Publié le 27 août 2026 · par Ismael Samuel

Studio entre l'hôpital et l'université à Cayenne : les trajets réels

Il est six heures quarante, le jour s’est levé d’un coup comme presque tous les matins ici, et vous partez à pied de la rue Pacousine vers l’hôpital. Vous avez pris vos fonctions il y a trois jours, vous n’avez pas de voiture, et la seule chose que vous ayez lue avant de quitter la métropole, c’est « à 1,3 km du centre hospitalier ». Le chiffre est juste. Il ne dit à peu près rien de la marche que vous êtes en train de faire.

La réponse courte. Depuis ce point de la rue Pacousine, à Baduel, le centre hospitalier de Cayenne Andrée-Rosemon et l’Université de Guyane sont l’un et l’autre à 1,3 km à vol d’oiseau, dans deux directions différentes. Le premier commerce alimentaire est à 100 m, cinq libres-services sont dans un rayon de 600 m, cinq restaurants dans un rayon de 400 m. Le centre-ville est à 2,5 km, la gare routière à 2,3 km, les plages de Montjoly à 5,3 km. Toutes ces distances sont mesurées à vol d’oiseau : le tracé réel des rues est toujours plus long, et nous ne convertissons aucune de ces valeurs en minutes de marche. C’est à vous de le chronométrer le premier matin.

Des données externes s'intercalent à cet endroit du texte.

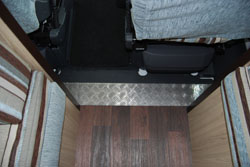 Prima di abbandonare la cabina di guida, controlliamo la fruibilità del passaggio cabina abitacolo, specie negli allestimenti con dinette tradizionale e, quindi, panca contromarcia piuttosto pronunciata, mentre se ci troviamo su un veicolo con living anteriore integrato controlliamo la comodità dello stesso. Prendiamo tutto il tempo necessario a valutare il dimensionamento del tavolo, la sua capacità di traslare al fine di raggiungere adeguatamente tutti i posti previsti, e il suo ampliamento. Ve ne sono di diversi tipi: a libro o a scorrimento, l’importante è che risultino stabili e sufficientemente grandi. Dal momento che ci troviamo su un veicolo familiare e votato alla comodità piuttosto che alla compattezza e alla dinamicità, controlliamo il dislivello cabina abitacolo: è questo, infatti, che può incidere pesantemente sulla comodità dei posti in cabina in sosta. In particolare, se ci troviamo su un veicolo con telaio ribassato , facilmente la cabina di guida si troverà diversi centimetri più in alto rispetto all’abitacolo, con la conseguenza che le poltrone, una volta girate, rischiano di offrire una seduta troppo alta rispetto al piano del tavolo. Viceversa, se ci troviamo su un mansardato con doppio pavimento o allestito su una meccanica con trazione posteriore, il rischio è quello che l’abitacolo si trovi più in alto rispetto alla cabina. Controlliamo, quindi, che l’allestitore abbia provveduto a fornire le necessarie soluzioni al fine di neutralizzare il dislivello rialzando le sedute anteriori. La soluzione più semplice, ma non sempre comoda ed efficace, consiste nella dotazione di due semplici materassini; ben più elaborato ma efficace è il sistema di sollevamento pneumatico dei sedili anteriori.
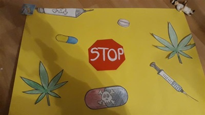 Na zajęciach świetlicowych uczniowie brali udział w pogadankach dotyczących uzależnień. Jednym z tematów była narkomania, jej objawy, skutki i przyczyny. Finałem był plakat przygotowany przez uczennicę klasy siódmej.

Pourquoi nous ne donnons pas de durée de trajet

À vol d’oiseau n’est pas à pied

Une distance à vol d’oiseau est la longueur du segment qui relie deux points sur une carte. Aucun piéton ne la parcourt : il suit des rues, contourne des îlots, attend à des carrefours. Selon la trame des voies, un trajet réel dépasse le plus souvent la mesure directe, parfois de beaucoup. Nous préférons donner la mesure brute, en le disant, plutôt qu’une durée arrondie qui aurait l’air d’une promesse.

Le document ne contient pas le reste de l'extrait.